- Genre: Mystery; Comedy;
- Created by: Ron Clark & Tim Conway
- Directed by: Michael Preece; Charles S. Dubin;
- Starring: Tim Conway; Joe Regalbuto;
- Theme music composer: Hughie Cannon; Peter Matz;
- Country of origin: United States
- Original language: English
- No. of seasons: 1
- No. of episodes: 5

Production
- Camera setup: Multi-camera
- Running time: 30 minutes
- Production companies: Conway Enterprises; Viacom Productions;

Original release
- Network: CBS
- Release: March 15 – April 12, 1983

= Ace Crawford, Private Eye =

Ace Crawford, Private Eye is an American sitcom that aired on CBS from March 15 to April 12, 1983. The series parodied the "hard-boiled detective" genre.

==Synopsis==
Tim Conway stars as a trench-coated private investigator who always solves the case and catches the bad guy, despite his constant bumbling. The show was broadcast on Tuesdays at 8 p.m. ET. Only five episodes were aired.

==Cast and characters==

- Tim Conway as Ace Crawford, Private Eye.
- Joe Regalbuto as Toomey, a CPA and Crawford's assistant; he always saw Crawford as a hero, and thought that his bumbling was simply some kind of cunning strategy.
- Billy Barty as Inch, owner and bartender of The Shanty, a wharfside bar where Crawford hangs out.
- Shera Danese as Luana, a singer at The Shanty who lusted after Crawford.
- Bill Henderson as Mello, a blind jazz musician at The Shanty.
- Dick Christie as Detective Lieutenant Fanning, who was always mystified as to how Crawford solved every case.

==Format==
In each half-hour episode, Crawford would be hired for, or otherwise find himself involved in, a case in which criminals were taking advantage of innocent citizens.
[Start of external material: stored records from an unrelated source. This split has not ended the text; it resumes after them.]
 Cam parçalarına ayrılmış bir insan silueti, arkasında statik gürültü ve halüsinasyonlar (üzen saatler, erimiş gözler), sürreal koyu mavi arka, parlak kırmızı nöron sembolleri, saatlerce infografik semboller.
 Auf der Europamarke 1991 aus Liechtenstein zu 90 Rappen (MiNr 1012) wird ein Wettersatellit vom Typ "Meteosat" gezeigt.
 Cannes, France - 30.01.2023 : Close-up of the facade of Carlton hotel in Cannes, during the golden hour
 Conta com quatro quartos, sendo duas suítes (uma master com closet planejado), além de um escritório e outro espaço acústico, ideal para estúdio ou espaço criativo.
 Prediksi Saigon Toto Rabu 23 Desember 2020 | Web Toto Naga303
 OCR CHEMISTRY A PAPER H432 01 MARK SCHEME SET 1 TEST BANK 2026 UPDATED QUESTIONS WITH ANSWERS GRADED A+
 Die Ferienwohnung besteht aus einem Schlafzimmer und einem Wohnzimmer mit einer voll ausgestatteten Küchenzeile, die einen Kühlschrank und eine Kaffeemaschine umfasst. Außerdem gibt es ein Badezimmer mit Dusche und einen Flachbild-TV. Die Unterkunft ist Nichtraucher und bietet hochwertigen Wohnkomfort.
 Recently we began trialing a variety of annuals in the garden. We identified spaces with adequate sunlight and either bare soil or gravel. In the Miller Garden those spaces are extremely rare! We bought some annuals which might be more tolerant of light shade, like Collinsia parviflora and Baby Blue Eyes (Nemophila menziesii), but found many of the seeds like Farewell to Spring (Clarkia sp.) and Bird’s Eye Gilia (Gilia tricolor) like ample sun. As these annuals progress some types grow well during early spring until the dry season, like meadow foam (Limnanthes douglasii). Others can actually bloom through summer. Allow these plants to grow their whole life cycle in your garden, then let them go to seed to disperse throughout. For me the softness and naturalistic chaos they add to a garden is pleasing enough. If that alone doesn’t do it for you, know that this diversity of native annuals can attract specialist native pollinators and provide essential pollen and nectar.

He would then approach the case using Conway's trademark comedy style; in one episode he was disguised as a feeble old man, in another he was using a children's toy microphone as a "wire." In spite of the slapstick results of his actions, Crawford would always emerge triumphant.

Every episode ended the same way: Crawford would leave The Shanty at night and walk along the wharf, vanishing into the fog... and then audibly fall into the water.
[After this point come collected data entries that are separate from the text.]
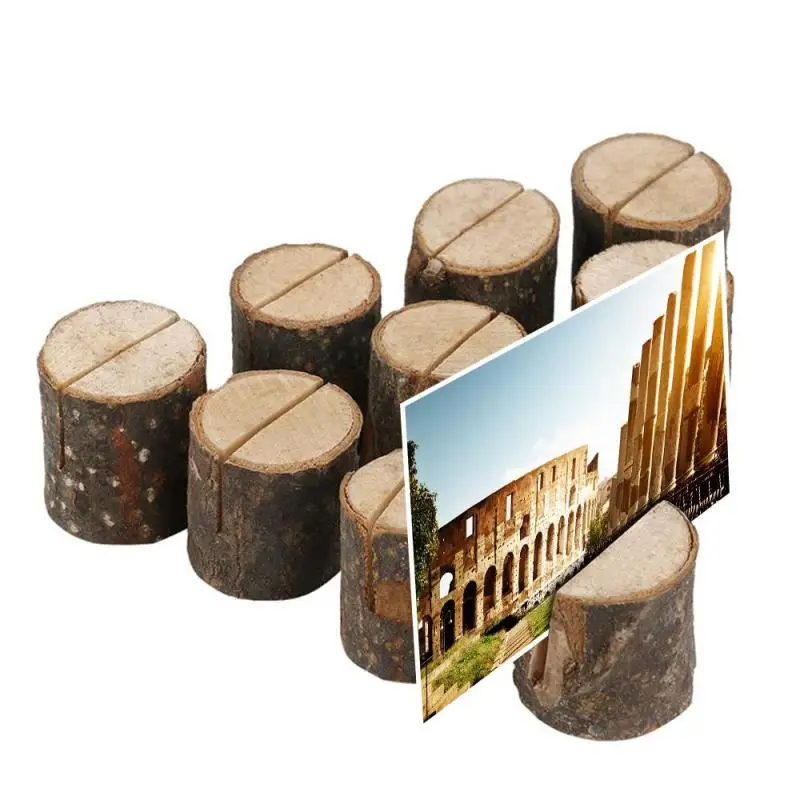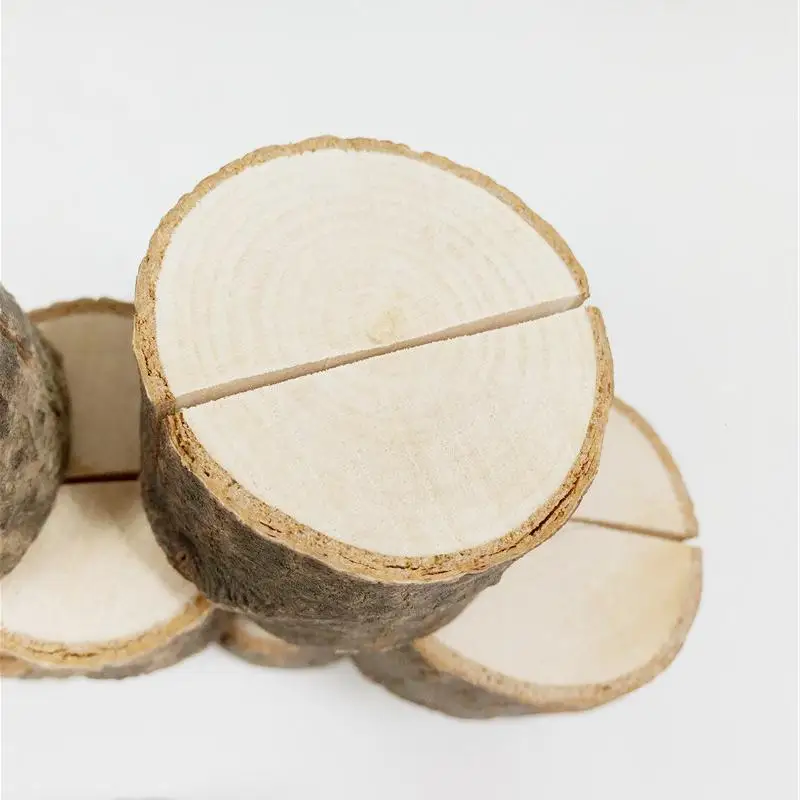 This item is a place card table number holder, which is made of natural wood. Real wood place card/photo holder with visible age circles and a slit on the top for place card or photo. It is suitable for wedding favors, offices, anniversaries party, home decorations etc.
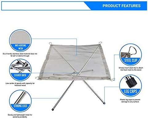 DURABLE: This firepit has the capability to hold enough wood for fires of all sizes. With netting constructed out of eco-friendly stainless steel and anti-heating material. The meticulously woven steel net limits ash and debris from slipping through, making for a good time with easy cleanup.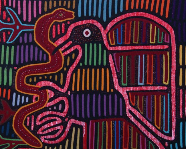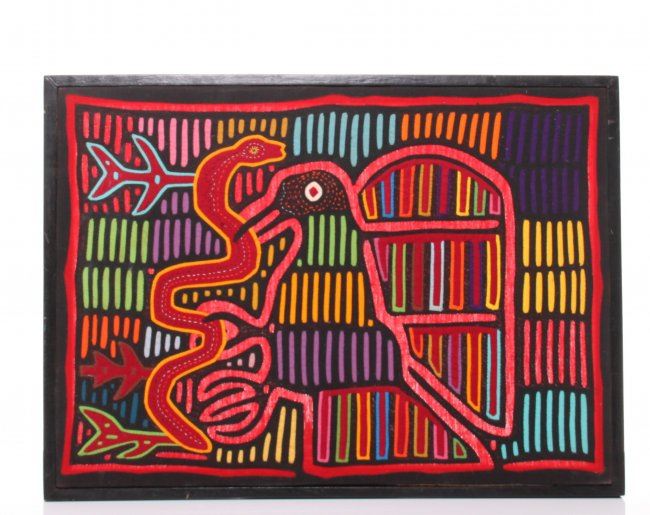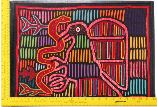 Mid Century "Eagle and Snake", a brilliant colored hand stitched Mola textile. The Mola forms part of the traditional outfit of a Kuna woman, two Mola panels being incorporated as front and back panels in a blouse. Molas have their origin in body painting. Only after colonization by the Spanish and contact with missionaries did the Kuna start to transfer their traditional geometric designs on fabric, first by painting directly on the fabric and later by using the technique of reverse application. It is not known for certain when this technique was first used. It is assumed that the oldest Molas are between 150 and 170 years old. SIZE: see attached ruler photo. Photos are part of the description representing the condition report and can be used for authentication prior to the sale date. Pangaea Auctions urges Bidder's to view all attached photos in detail.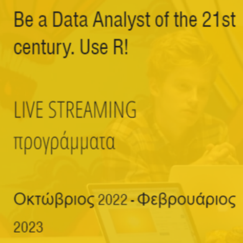 Μετά από 3 χρόνια λειτουργίας δύο προγράμματων e-learning για την εκμάθηση της R από το Κέντρο Επιμόρφωσης και Δια Βίου Μάθησης του Οικονομικού Πανεπιστημίου Αθηνών (ΟΠΑ) με μεγάλη επιτυχία, προχωρούμε στην επανέναρξη των δύο προγραμμάτων R#1 & R#2 με τη μορφή LIVE STREAMING. Τα προγράμματα αυτά έχουν ως σκοπό να εκπαιδεύσουν φοιτητές, πτυχιούχους, καθώς και στελέχη επιχειρήσεων και οργανισμών, με σκοπό να τους εισάγουν στις βασικές αρχές της R. Συγχρόνως, διδάσκουν τις βασικότερες έννοιες της Στατιστικής με κατανοητό, σωστό και συστηματικό τρόπο, χρησιμοποιώντας την R ως το βασικό εργαλείο εφαρμογής της.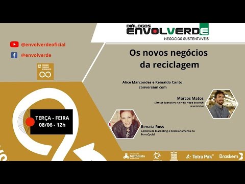 Na estreia dos Diálogos Envolverde Negócios Sustentáveis vamos apresentar dois projetos que mostram como existem oportunidades interessantes na área da reciclagem. Nossos convidados são: Marcos Matos, Diretor Executivo na New Hope Ecotech (eureciclo) e Renata Ross, gestora de Marketing e Relacionamento na TerraCycle. Terça-feira, 08/06, ao meio-dia transmissão pelo Facebook e pelo Youtube da Envolverde.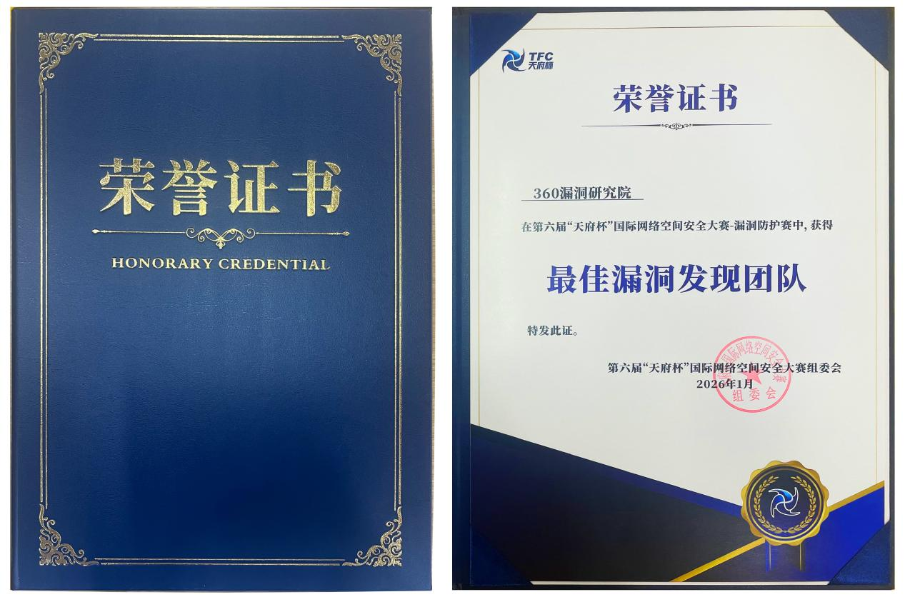 其中,360数字安全集团旗下漏洞研究院以单一独立战队身份参赛,凭借扎实的漏洞挖掘技术、前沿的AI赋能能力与丰富的实战攻防经验,在激烈比拼中一举夺魁,荣获独立战队积分榜第一名,并凭借其漏洞发现的高质量与高价值,获评“最佳漏洞发现团队”。此次加冕,是360在创下首届至第三届“天府杯”三连冠历史纪录后,于顶级赛场上的实力回归。

Each episode was on film (as opposed to videotape), and had a laugh track.

==US TV ratings==

| Season | Episodes |  | Originally released |  | Nielsen Rank | Nielsen Rating |
| First released | Last released |
| 1 | 5 |  | March 15, 1983 | April 12, 1983 | 75 | N/A |

==Episodes==

| No. | Title | Directed by | Written by | Original release date |
| 1 | "Murder at Restful Hills" | Michael Preece | Ron Friedman | March 15, 1983 |
Ace investigates the claim of Luana's grandmother that deaths at a nursing home weren't the result of natural causes.
| 2 | "Bull Bates" | Charles S. Dubin | Ron Clark, Tim Conway | March 22, 1983 |
Deedee, the girlfriend of gangster Bull Bates, gives to Ace a book detailing everyone that Bates has rubbed out.
| 3 | "Inch in a Pinch" | Michael Preece | Arnie Kogen | March 29, 1983 |
Ace sets a trap for a merciless mobster when his bartender friend Inch is beaten up by thugs.
| 4 | "The Microchip Caper" | Michael Preece | Rudy De Luca | April 5, 1983 |
Ace finds himself in the middle of a multi-million dollar con when he is hired to test a computer company's plant security.
| 5 | "The Gentleman Bandit" | Michael Preece | Mickey Rose | April 12, 1983 |
Ace goes undercover as a secretary to nab a thief who is preying on a magazine's female employees.

==Home media==
In 1989, a VHS videocassette was released containing the first three episodes. In August 2020, Shout! Factory TV acquired complete streaming rights.